Let’s start with the simplest thing first: bit shifting. To help you understand bit-shifting, I’m going to introduce the concept of “bit significance.” Bit significance is a way of categorizing the “bits” in a binary number from most significant (the “most significant bit” or MSB) to least significant (the “least significant bit” or “LSB”). This is really just a fancy of way of describing the bits that correspond to the largest power of two from greatest to smallest. For example, the number six is written as 0x110, and we would say that the first 1 is the most significant; the middle one the next most; and 0 the least since they correspond to the 4, 2, and 1 values, respectively.

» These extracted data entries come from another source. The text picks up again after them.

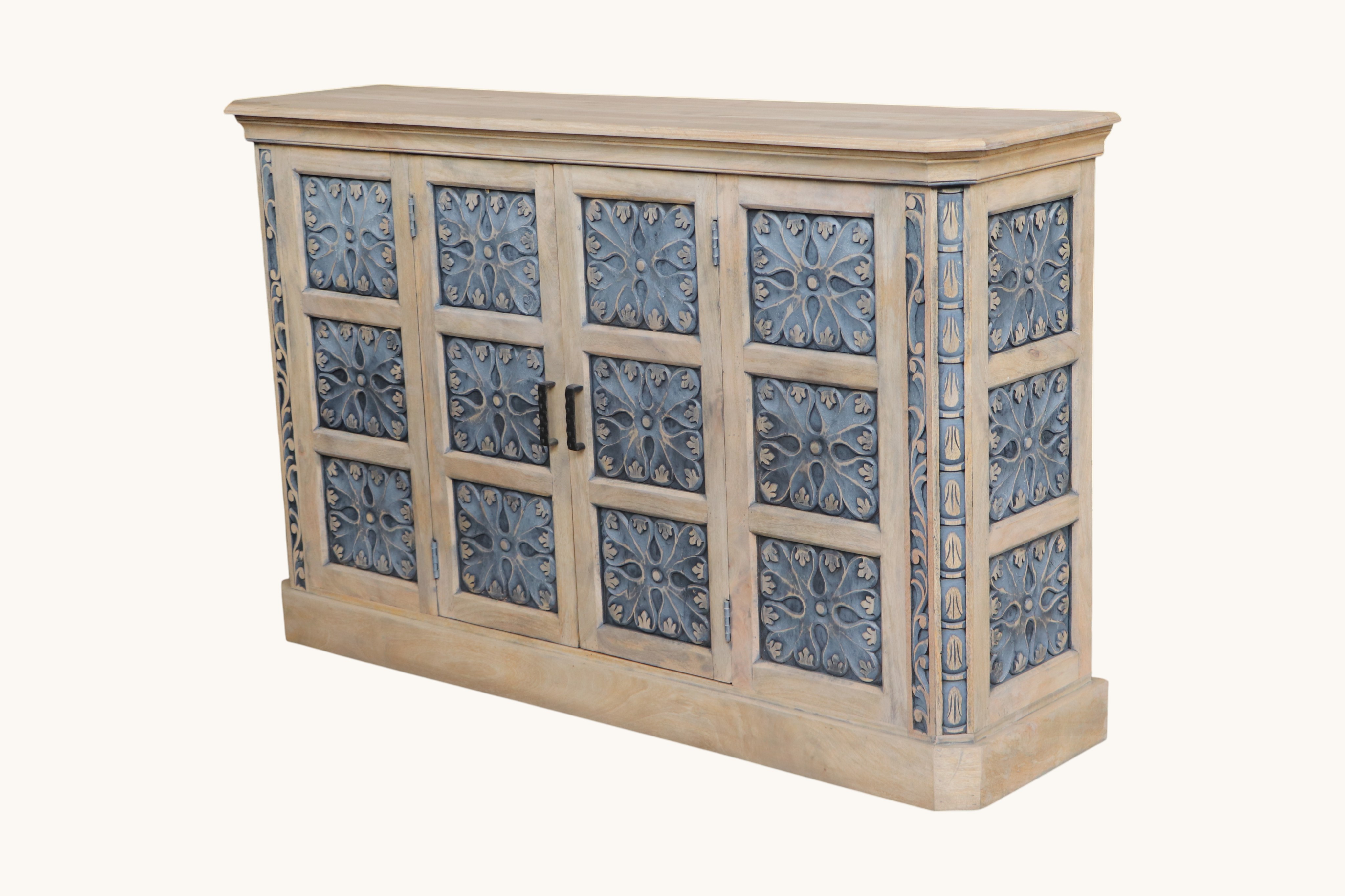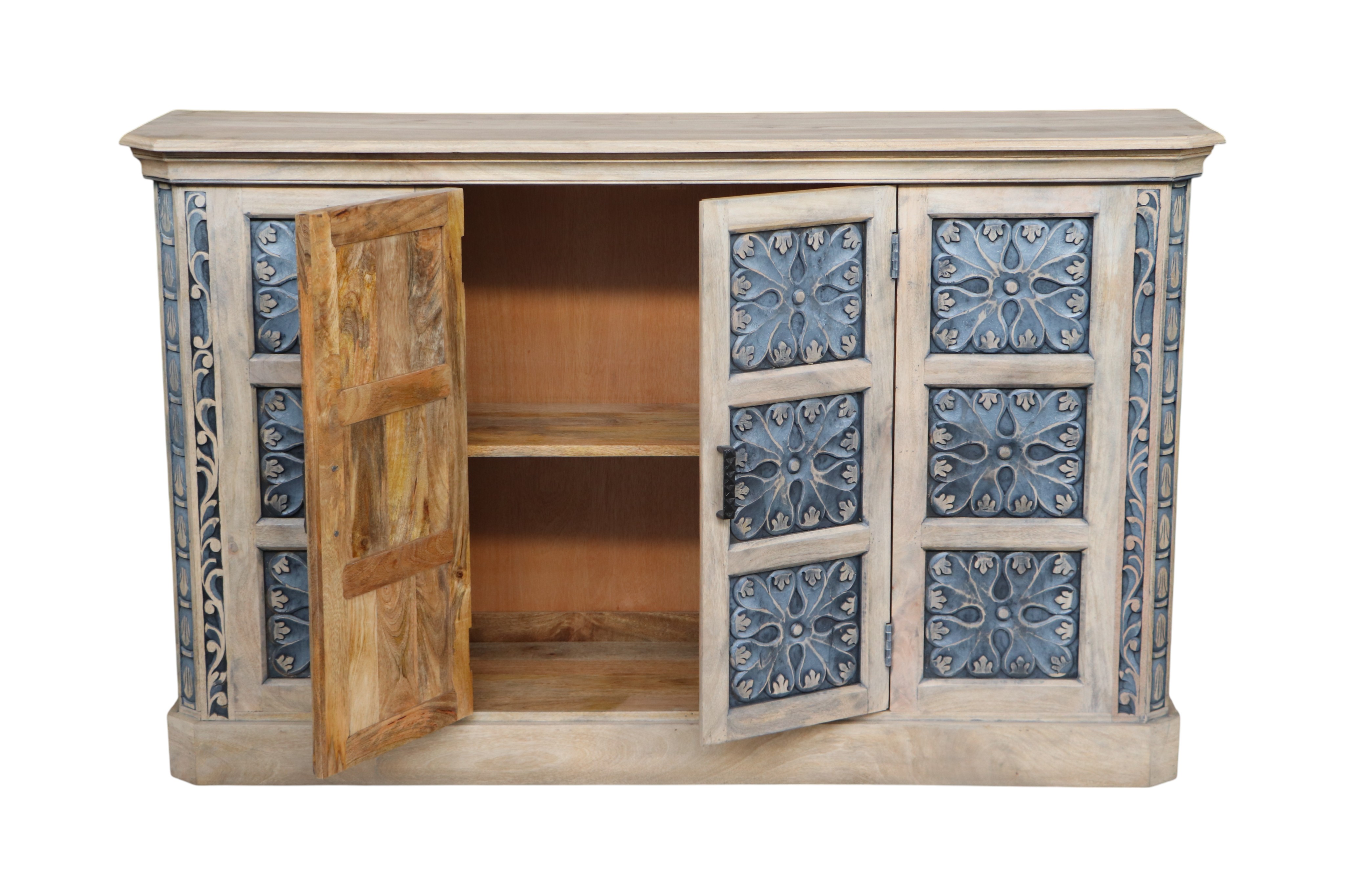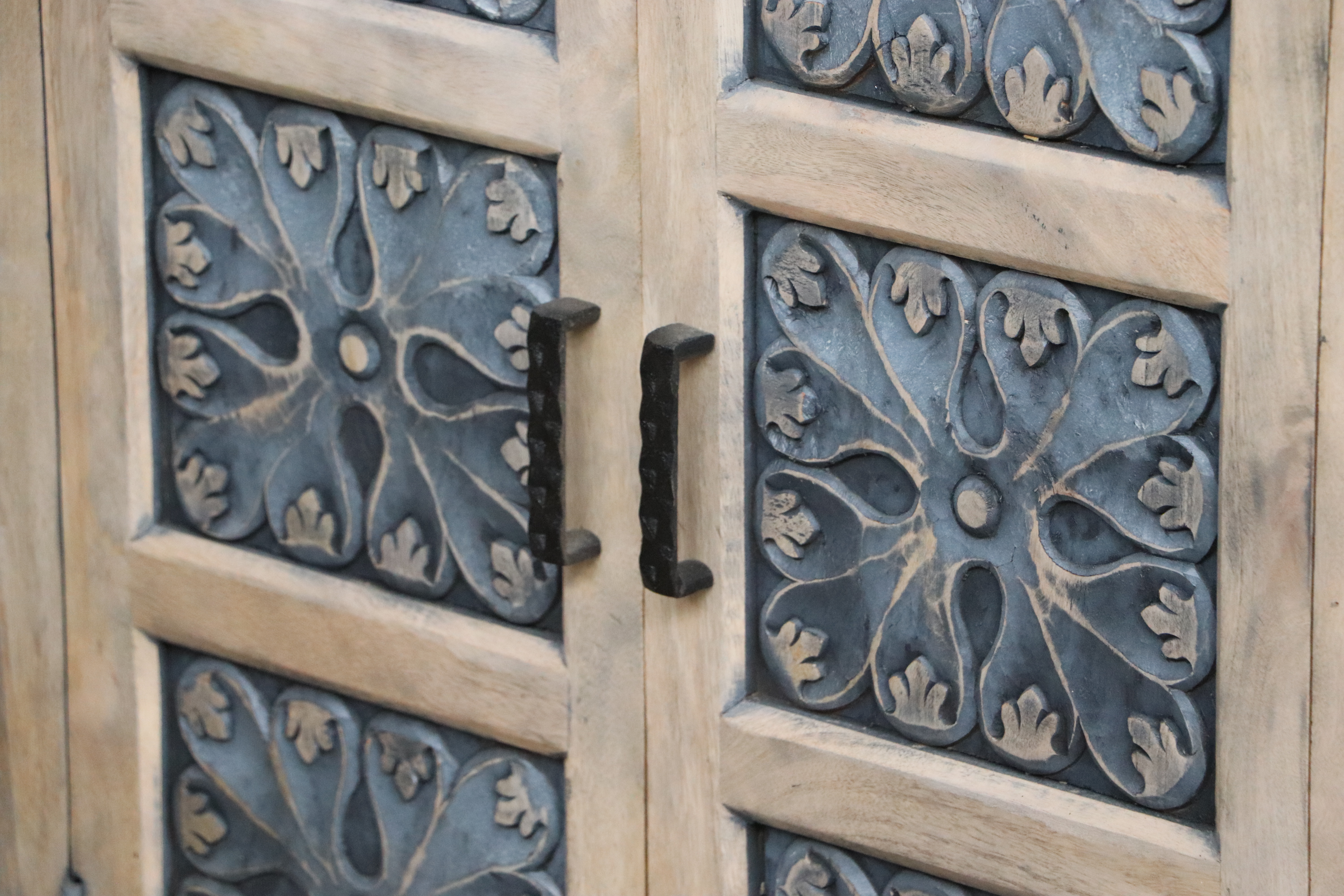Efektowna komoda wykonana z litego drewna mango, która łączy naturalne piękno materiału z dekoracyjnym, ręcznie rzeźbionym frontem. Jasne, lekko przecierane wykończenie podkreśla strukturę drewna i nadaje meblowi wyjątkowy, rustykalny charakter.
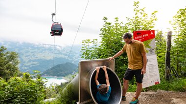 Vater mit Sohn, welche sich gerade am Start einer Rutsche vom Waldrutschenpark-Golm befinden | © Golm Silvretta Lünersee Tourismus GmbH Bregenz, Mathäus Gartner
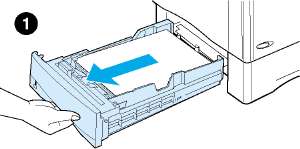 1 Выдвиньте лоток из принтера и удалите все поврежденные листы из лотка.
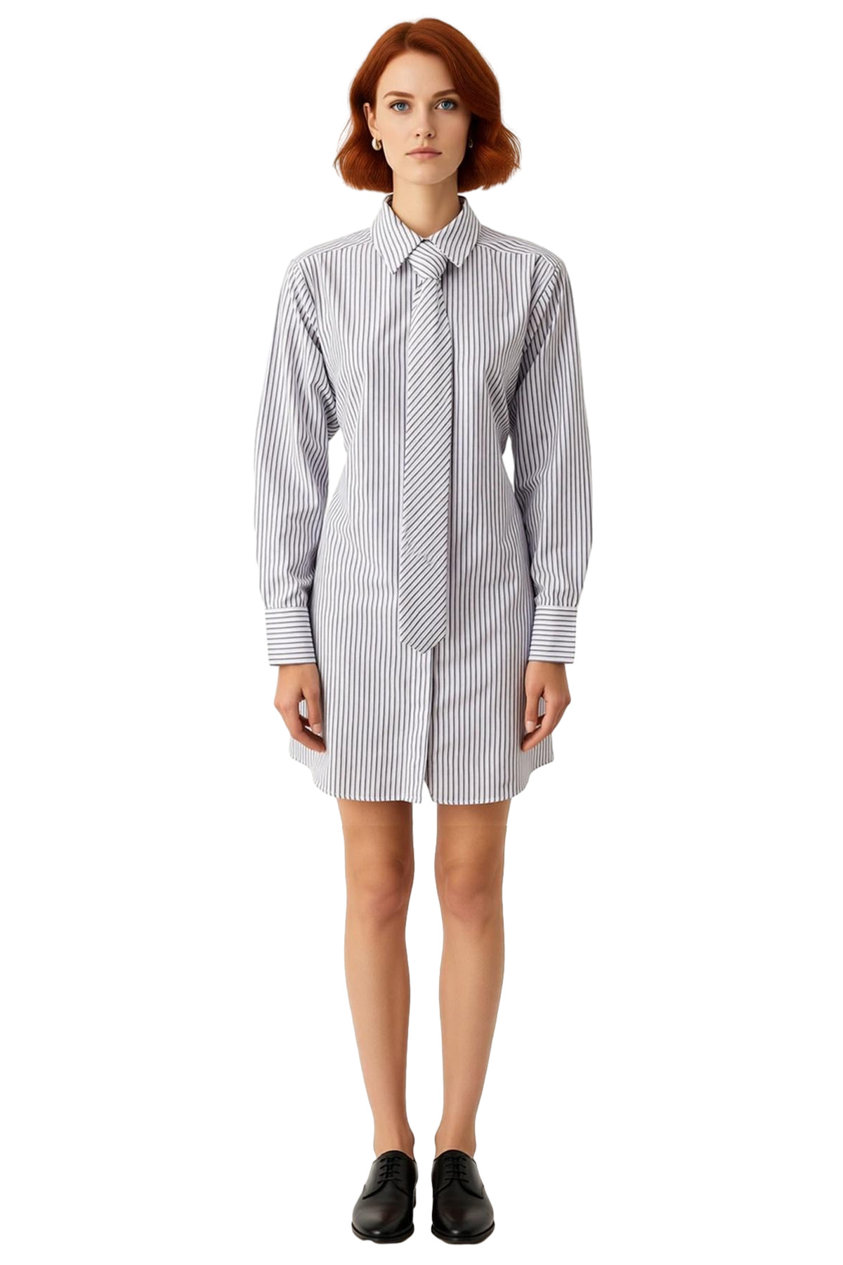 Elbisenin çizgili deseni, dinamik ve enerjik bir hava katarken, beyaz ve gri renklerin uyumu klasik bir şıklık sunar. Gömlek elbise kalıbı, vücuda nazikçe oturan bir kesime sahiptir, bu da onu hem gündüz hem de gece kombinleri için uygun hale getirir. Casual ve günlük ortamlarda şıklığınızı ön plana çıkaracak bu elbise, moda trendlerini takip eden kadınlar için idealdir. Terrycotton dokuma tipi, kumaşa yumuşak bir dokunuş kazandırır ve kullanım sırasında ekstra rahatlık sağlar.
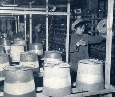 并线车间用改装的棉纺机把200根玻璃丝并成一股线。
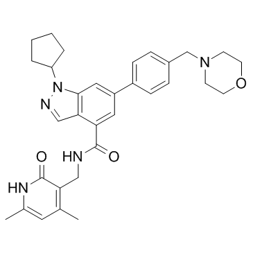 SMILESCC1=CC(C)=C(CNC(=O)C2=C3C=NN(C4CCCC4)C3=CC(=C2)C2=CC=C(CN3CCOCC3)C=C2)C(=O)N1
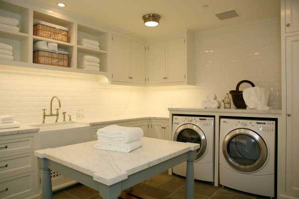 Стиральные машины с фронтальной загрузкой выгодны тем, что дают возможность рационально задействовать пространство непосредственно над техникой. Для этой цели над ними размещают столешницу или устанавливают раковину.
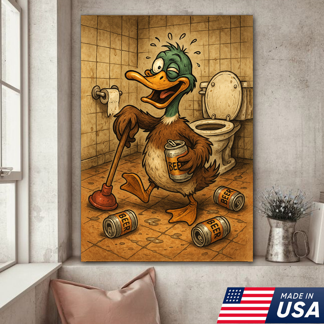 Funny Duck Canvas Wall Art – Hilarious Bathroom Decor with Soda Cans and Plunger for Rustic Cabin & Home
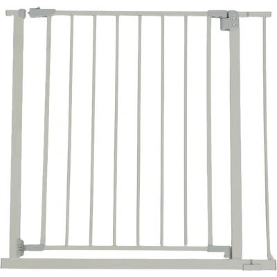 AmazonSafety: Door gate for protecting babies, toddlers under 24 months, and dogs at home Clamps: Grey child safety gate for doorways, passages or stairways 82 to 87 cm, extension included Practical: stair gate with one-handed operation – opens and closes from either side Assembly: Stair gate with 4 screws - For secure installation, please follow the included guide. Details: Sturdy clamp gate made of iron - Height: approx. 76 cm - Compliant with EN 1930:2011
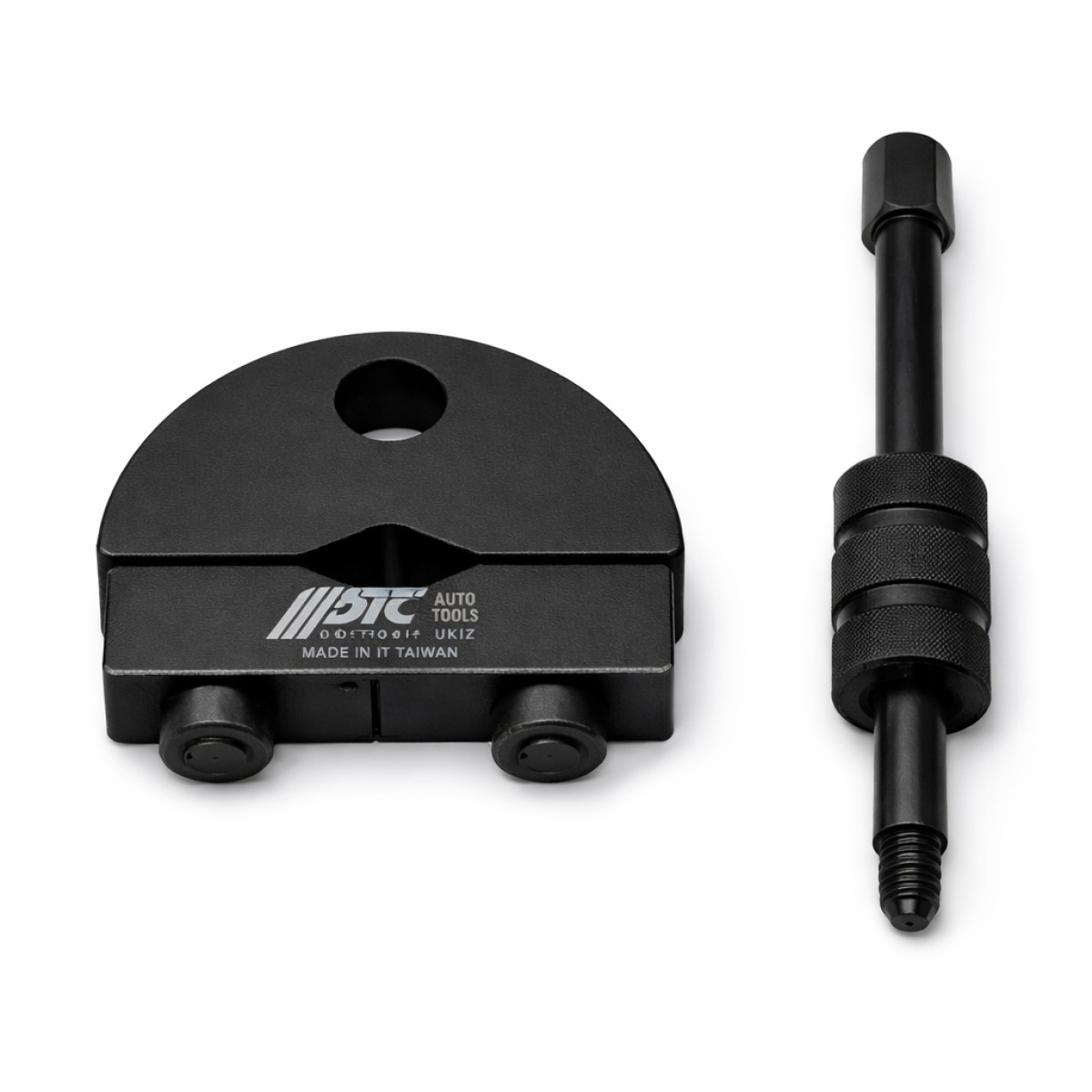 Зажим для демонтажа форсунки предназначен для удерживания подвижного стержня и снятия форсунки с помощью пневмомолотка. Специально разработан для быстрого и безопасного демонтажа форсунок. Значительно экономит время при выполнении работ. Используется совместно с JTC-4530 и JTC-4529. Инструмент проходит процесс микро-полировки (micro finished), что защищает поверхность от царапин и коррозии. Пневматический привод существенно ускоряет процесс извлечения даже сильно закисших форсунок по сравнению с ручными съёмниками. Конструкция зажима обеспечивает равномерное распределение усилия и предотвращает деформацию корпуса форсунки. Предназначен для интенсивного использования в условиях автосервиса.
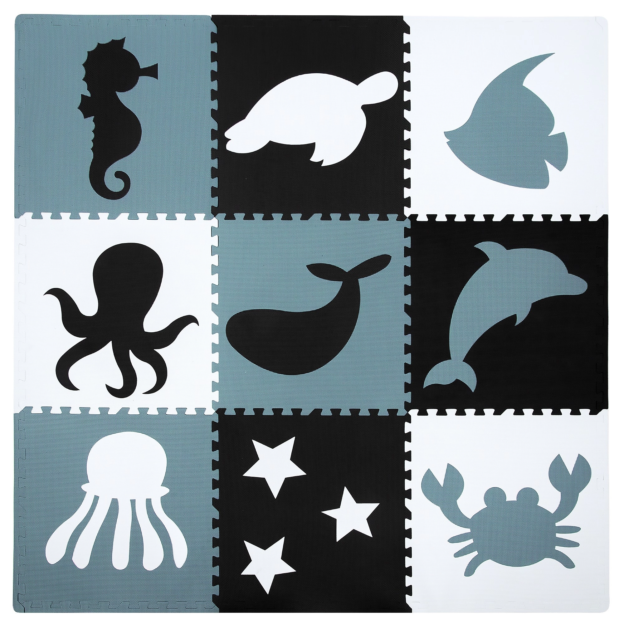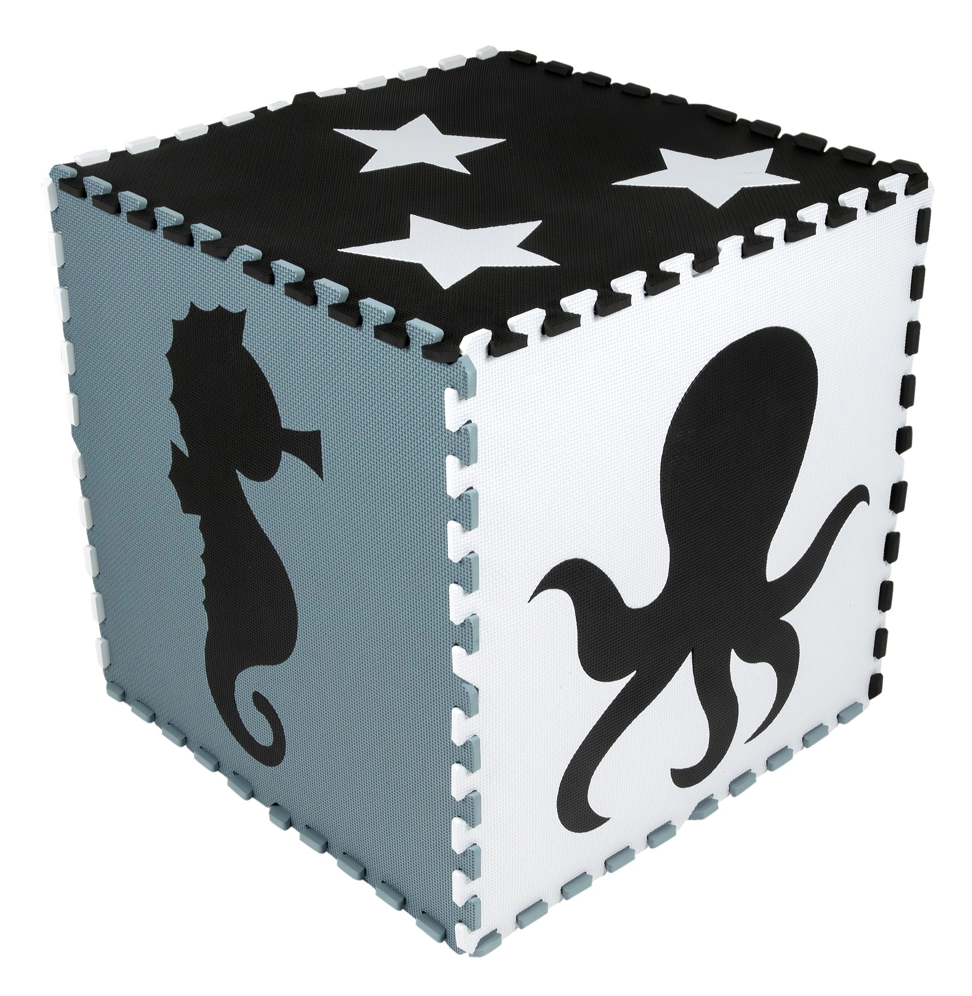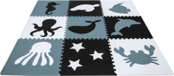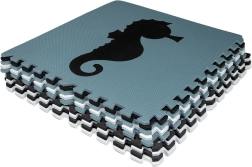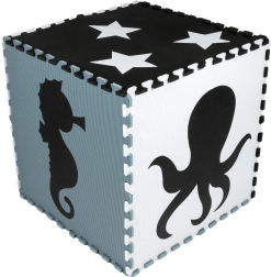 Неутралните, спокойни цветове не разсейват децата по време на игра и лесно се вписват във всеки интериор – детска стая, игрална зона или детска градина. Подвижните централни елементи с форми (морско конче, костенурка, риба, медуза, кит, октопод, делфин, звезди и рак) подпомагат развитието на моториката и ученето на животните. Елементите могат да се разширяват (в рамките на същия модел) и да се сглобяват в куб или други 3D форми.

This may seem like a definition so basic as to be pointless, but it’s important to remember that not all architectures necessarily interpret bits from left to right. After all, reading “110” as 6 is rather arbitrary–we could just as easily read it as 3 if we read it the other way. This is reminiscent of how some Middle Eastern written languages are interpreted from right to left. So just to be clear, for the remainder of this post, the MSB will be the leftmost bit and the LSB will be the rightmost.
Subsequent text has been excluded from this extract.